--- Dataset extract Enclosed Below ---

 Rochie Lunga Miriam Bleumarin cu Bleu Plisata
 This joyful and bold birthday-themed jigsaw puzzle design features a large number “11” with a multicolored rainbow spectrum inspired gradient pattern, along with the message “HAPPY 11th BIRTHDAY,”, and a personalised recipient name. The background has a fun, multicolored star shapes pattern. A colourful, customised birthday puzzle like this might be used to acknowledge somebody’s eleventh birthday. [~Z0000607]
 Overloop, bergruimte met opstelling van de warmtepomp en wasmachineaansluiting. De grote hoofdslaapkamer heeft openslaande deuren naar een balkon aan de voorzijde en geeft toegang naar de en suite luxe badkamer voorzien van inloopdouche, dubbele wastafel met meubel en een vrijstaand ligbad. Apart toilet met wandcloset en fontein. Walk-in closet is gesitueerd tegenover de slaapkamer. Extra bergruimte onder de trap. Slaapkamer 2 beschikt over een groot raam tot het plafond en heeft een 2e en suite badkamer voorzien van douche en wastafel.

--- End of Enclosed Dataset extract ---
--- Dataset extract Enclosed Below ---

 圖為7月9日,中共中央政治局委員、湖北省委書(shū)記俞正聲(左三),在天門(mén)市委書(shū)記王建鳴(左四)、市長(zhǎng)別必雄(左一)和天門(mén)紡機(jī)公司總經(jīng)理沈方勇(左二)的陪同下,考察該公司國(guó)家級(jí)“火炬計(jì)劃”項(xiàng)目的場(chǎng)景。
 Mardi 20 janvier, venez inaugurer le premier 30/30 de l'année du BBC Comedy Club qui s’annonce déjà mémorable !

--- End of Enclosed Dataset extract ---

_What needs to be done_.
Could you restate word for word the lines above, from the one that contains "This joyful and" through the one that contains "Overloop, bergruimte met", and no others?

_Solution for this problem_.
 This joyful and bold birthday-themed jigsaw puzzle design features a large number “11” with a multicolored rainbow spectrum inspired gradient pattern, along with the message “HAPPY 11th BIRTHDAY,”, and a personalised recipient name. The background has a fun, multicolored star shapes pattern. A colourful, customised birthday puzzle like this might be used to acknowledge somebody’s eleventh birthday. [~Z0000607]
 Overloop, bergruimte met opstelling van de warmtepomp en wasmachineaansluiting. De grote hoofdslaapkamer heeft openslaande deuren naar een balkon aan de voorzijde en geeft toegang naar de en suite luxe badkamer voorzien van inloopdouche, dubbele wastafel met meubel en een vrijstaand ligbad. Apart toilet met wandcloset en fontein. Walk-in closet is gesitueerd tegenover de slaapkamer. Extra bergruimte onder de trap. Slaapkamer 2 beschikt over een groot raam tot het plafond en heeft een 2e en suite badkamer voorzien van douche en wastafel.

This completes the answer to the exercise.